Transcribe exactly the lines from the top of the records below through the line that holds "Plongez dans l’univers", both included, with no pictures.

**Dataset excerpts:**

------------------------------------

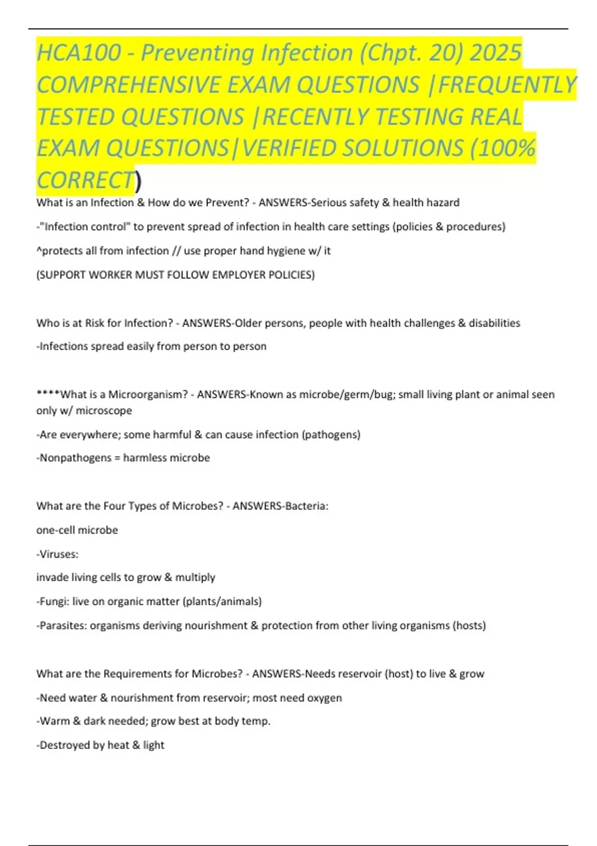 HCA100 - Preventing Infection (Chpt. 20) 2025 COMPREHENSIVE EXAM QUESTIONS |FREQUENTLY TESTED QUESTIONS |RECENTLY TESTING REAL EXAM QUESTIONS|VERIFIED SOLUTIONS (100% CORRECT)
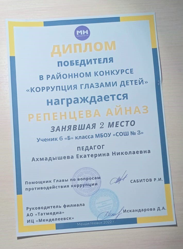 «Менделеевские новости» редакциясе район администрациясе белән берлектә «Мин — Коррупциягә каршы»дигән рәсем конкурсы үткәрде. Безнең укучылар бу конкурста актив катнаштылар. Бүген җиңүчеләрне бүләкләү тантанасы булды, алар арасында безнең укучы Айназ Репенцева да бар иде.
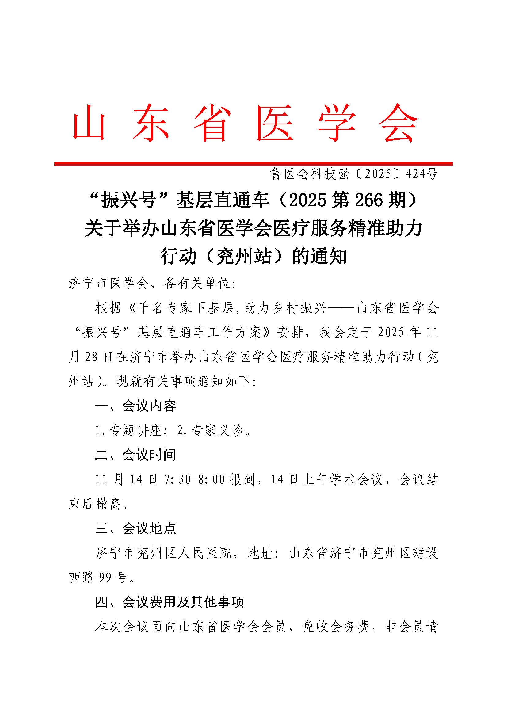 “振兴号”基层直通车(2025第266期)关于举办山东省医学会医疗服务精准助力行动(兖州站)的通知
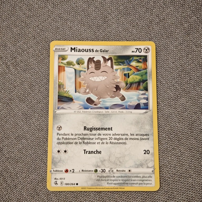 Plongez dans l’univers sauvage et mystérieux de Galar avec cette carte Pokémon à collectionner : Miaouss de Galar, numéro 180/264, issue de l’édition 2021.
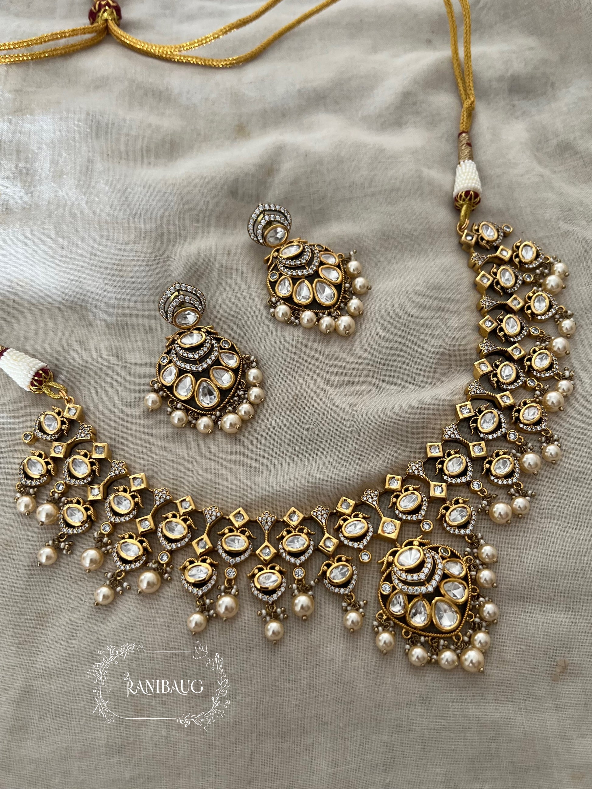 The necklace unfolds in a breathtaking cascade of intricately layered motifs, each centered with a luminous Kundan stone. These are encircled by a scintillating ring of zircons and set against a darkened, antique finish that creates a dramatic, three-dimensional effect. This majestic arrangement is further enhanced by clusters of lustrous pearls that dangle with graceful elegance. The magnificent oversized earrings are a masterpiece in themselves, mirroring the central design of the necklace and promising to frame your face in a halo of royal light.

------------------------------------

**Output of the exercise:**
 HCA100 - Preventing Infection (Chpt. 20) 2025 COMPREHENSIVE EXAM QUESTIONS |FREQUENTLY TESTED QUESTIONS |RECENTLY TESTING REAL EXAM QUESTIONS|VERIFIED SOLUTIONS (100% CORRECT)
 «Менделеевские новости» редакциясе район администрациясе белән берлектә «Мин — Коррупциягә каршы»дигән рәсем конкурсы үткәрде. Безнең укучылар бу конкурста актив катнаштылар. Бүген җиңүчеләрне бүләкләү тантанасы булды, алар арасында безнең укучы Айназ Репенцева да бар иде.
 “振兴号”基层直通车(2025第266期)关于举办山东省医学会医疗服务精准助力行动(兖州站)的通知
 Plongez dans l’univers sauvage et mystérieux de Galar avec cette carte Pokémon à collectionner : Miaouss de Galar, numéro 180/264, issue de l’édition 2021.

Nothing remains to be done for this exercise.